Oxidation state of Fe in Mohr’s salt $\left[ {FeS{O_4} \cdot {{\left( {N{H_4}} \right)}_2} \cdot 6{H_2}O} \right]$
A.$ + 1$
B.$ + 2$
C.$ + 3$
D.$ + 4$

Answer 1

Hint: We can define oxidation state as oxidation degree (loss of an electron) in a chemical compound. We can calculate the oxidation state by an element in a compound by the help of the rules of oxidation numbers.

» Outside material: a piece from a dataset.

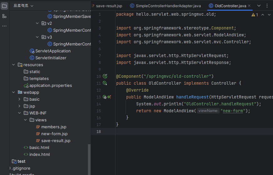 스프링 MVC를 활용하여 만든 V1으로 개선한 버전의 경우, Controller를 상속하는 대신에 @Controller를 사용한다. @Controller 안에는 @Component가 있어서 자동으로 Bean에 등록되어 핸들링 목록에 추가된다. 그래서 사용할 수 있고, 해당 컨트롤러를 다루는 컨트롤러 핸들러도 이미 스프링 내에 있다.
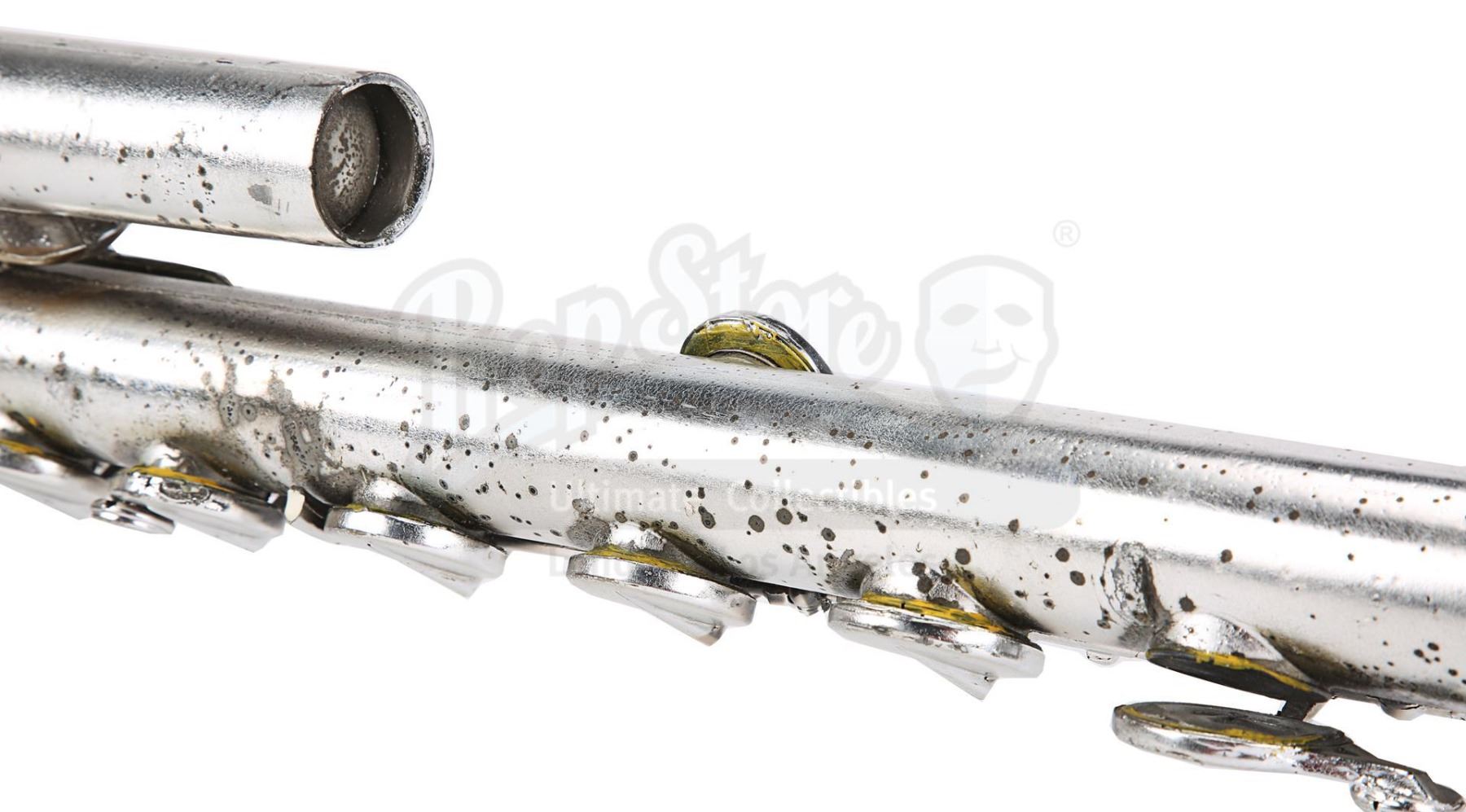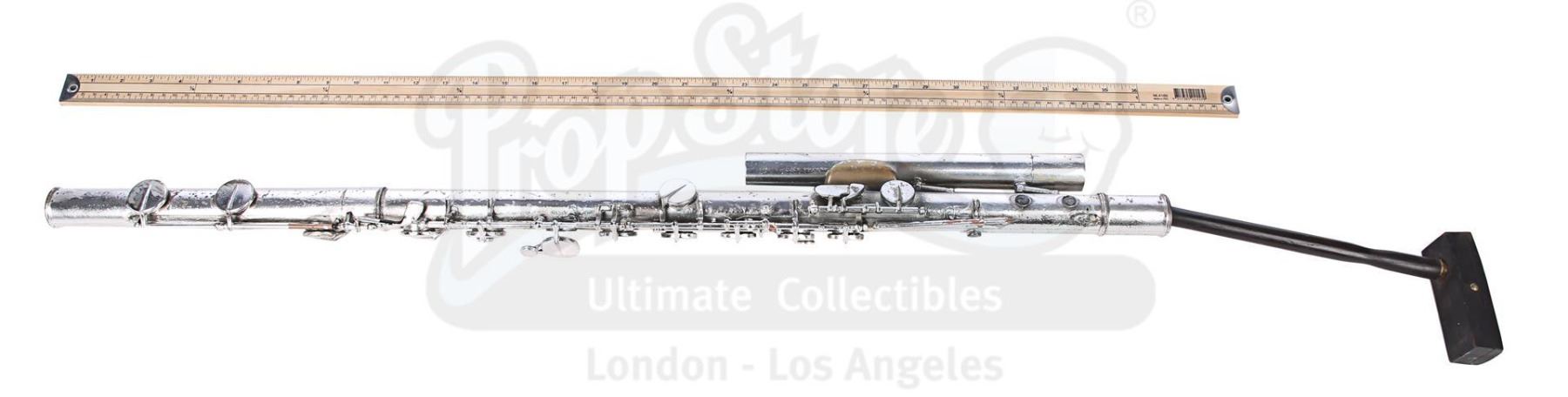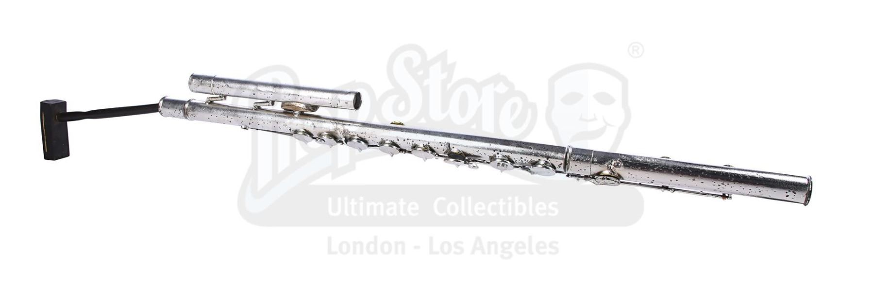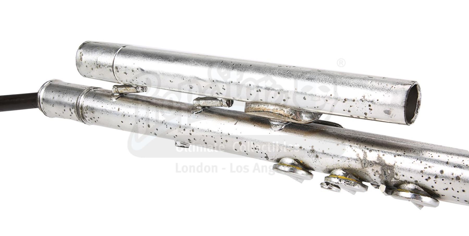 The rifle is made predominantly of resin painted faux silver, and has a metal armature. It features a buttstock, which can be rested in the shoulder. There are chips to the paintwork and some of the keys and mechanism have come away, revealing the metal rods beneath. There is a small amount of black spotting along the rifle and a crack where the butt meets the body of the flute. Dimensions: 112 cm x 4 cm x 16 cm (44" x 1 1/2" x 6 1/4")

Complete step by step answer:
We know that oxidation state is the loss of an electron in a chemical compound. We can now see a few rules of oxidation numbers.
-A free element would have zero as its oxidation number.
-Monatomic ions would have an oxidation number same as the charge of the ion.
-In hydrogen, the oxidation number is ${\text{ + 1,}}$ when combined with elements showing less electronegativity, the oxidation number of hydrogen would -1.
-In compounds of oxygen, the oxidation number of oxygen would be -2 and in peroxides, the oxidation state would be -1.
-Elements present in group 1 could contain +1 oxidation number.
-Elements present in group 2 could contain +2 oxidation numbers.
-Elements in group 17 could contain -1 oxidation number.
-Total of oxidation number of all atoms seen in neutral compounds is zero.
-In polyatomic ions, the sum of the oxidation number is similar to the ionic charge.
-The given compound is $\left[ {FeS{O_4} \cdot {{\left( {N{H_4}} \right)}_2} \cdot 6{H_2}O} \right]$.
Let us keep the oxidation state of $Fe$ as x.
-The oxidation number of $N{H_4}$ is $ + 1$
-The oxidation number of $S{O_4}$ is $ - 2$
-The oxidation number of $H$ is $ + 1$
-The oxidation number of $O$ is $ - 2$
-The oxidation number of $Fe$ in $\left[ {FeS{O_4} \cdot {{\left( {N{H_4}} \right)}_2} \cdot 6{H_2}O} \right]$ is calculated as,
$x + 2\left( { + 1} \right) + 2\left( { - 2} \right) + 6\left( {2\left( 1 \right)2} \right) = 0$
$ \Rightarrow x + 2 - 4 + 6\left[ {2 - 2} \right] = 0$
On simplifying we get,
$ \Rightarrow x - 2 + 0 = 0$
$ \Rightarrow x - 2 = 0$
$ \Rightarrow x = + 2$
The oxidation state of $Fe$ in $\left[ {FeS{O_4} \cdot {{\left( {N{H_4}} \right)}_2} \cdot 6{H_2}O} \right]$ is $ + 2$.
Therefore, the option (B) is correct.

Note: We have to remember that the Mohr salt is otherwise called ammonium ferrous sulfate or ammonium iron(II)sulfate. We know that it is the inorganic compound that has two different cations $F{e^{2 + }}$ and $N{H_4}^ + $. It comes under a double salt of ferrous sulfate and ammonium sulfate.
In ferrous sulfate, a polyatomic anion which has -2 charges is sulfate. Therefore, +2 charged iron is required to neutralize the -2 charge of sulfate ion. Hence, the oxidation state of Fe in Mohr salt is +2.